Strip out all images, then restate the data verbatim.

Given information -

▼▼▼

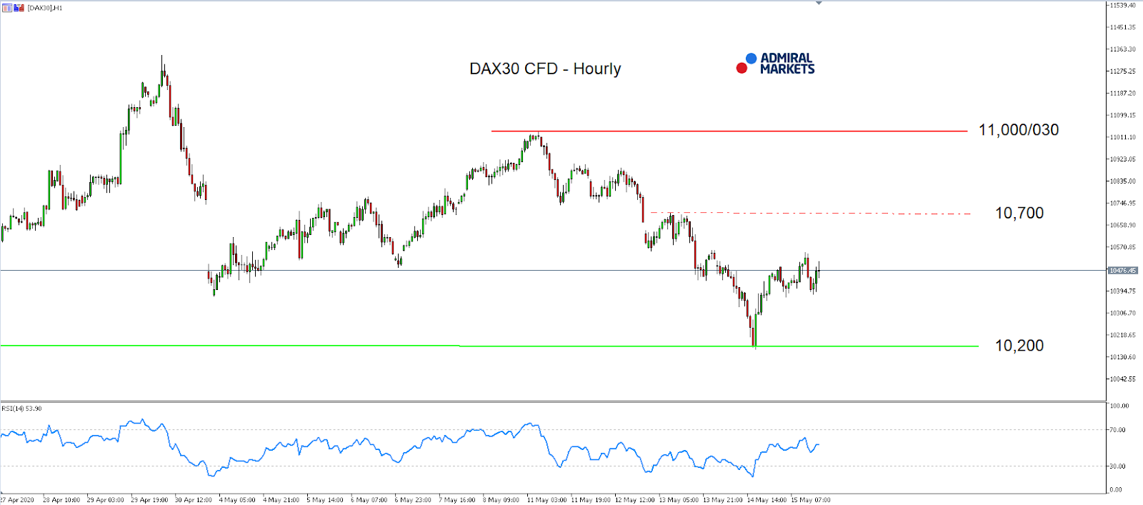 Source: Admiral Markets MT5 with MT5-SE Add-on DAX30 CFD Hourly chart (between April 27, 2019, to May 15, 2020). Accessed: May 15, 2020, at 10:00pm GMT
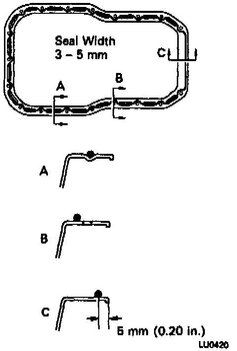 b. Apply seal packing to the oil pan as shown in the illustration.
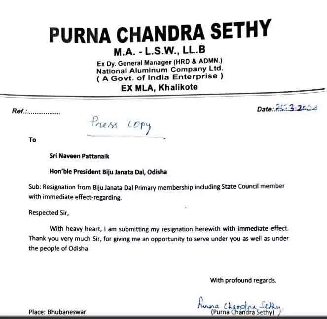 ओडिशा में पूर्व विधायक पूर्ण चंद्र सेठी ने ओडिशा में विधानसभा और लोकसभा चुनाव से पहले सोमवार को सत्तारूढ़ बीजू जनता दल से इस्तीफा दे दिया। पूर्ण चंद्र सेठी 2009 से 2019 तक गंजम जिले की खलीकोट विधानसभा सीट से दो बार विधायक निर्वाचित हुए। उन्होंने अपना इस्तीफा ओडिशा के मुख्यमंत्री नवीन पटनायक को भेजा।
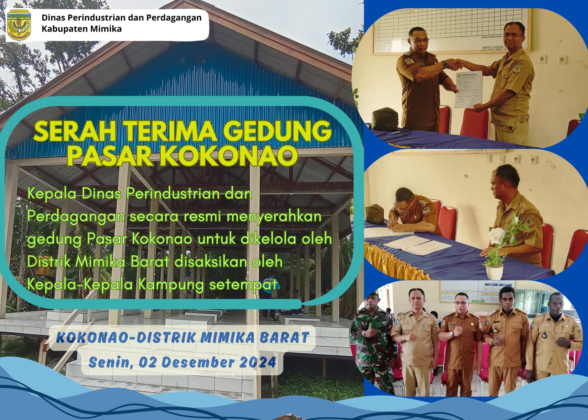Kepala Dinas Perindustrian & Perdagangan secara resmi menyerahkan gedung Pasar Kokonao untuk dikelolah oleh Distrik Mimika Barat disaksikan oleh kepala-kepala...

▲▲▲

Response area -
 Source: Admiral Markets MT5 with MT5-SE Add-on DAX30 CFD Hourly chart (between April 27, 2019, to May 15, 2020). Accessed: May 15, 2020, at 10:00pm GMT
 b. Apply seal packing to the oil pan as shown in the illustration.
 ओडिशा में पूर्व विधायक पूर्ण चंद्र सेठी ने ओडिशा में विधानसभा और लोकसभा चुनाव से पहले सोमवार को सत्तारूढ़ बीजू जनता दल से इस्तीफा दे दिया। पूर्ण चंद्र सेठी 2009 से 2019 तक गंजम जिले की खलीकोट विधानसभा सीट से दो बार विधायक निर्वाचित हुए। उन्होंने अपना इस्तीफा ओडिशा के मुख्यमंत्री नवीन पटनायक को भेजा।
Kepala Dinas Perindustrian & Perdagangan secara resmi menyerahkan gedung Pasar Kokonao untuk dikelolah oleh Distrik Mimika Barat disaksikan oleh kepala-kepala...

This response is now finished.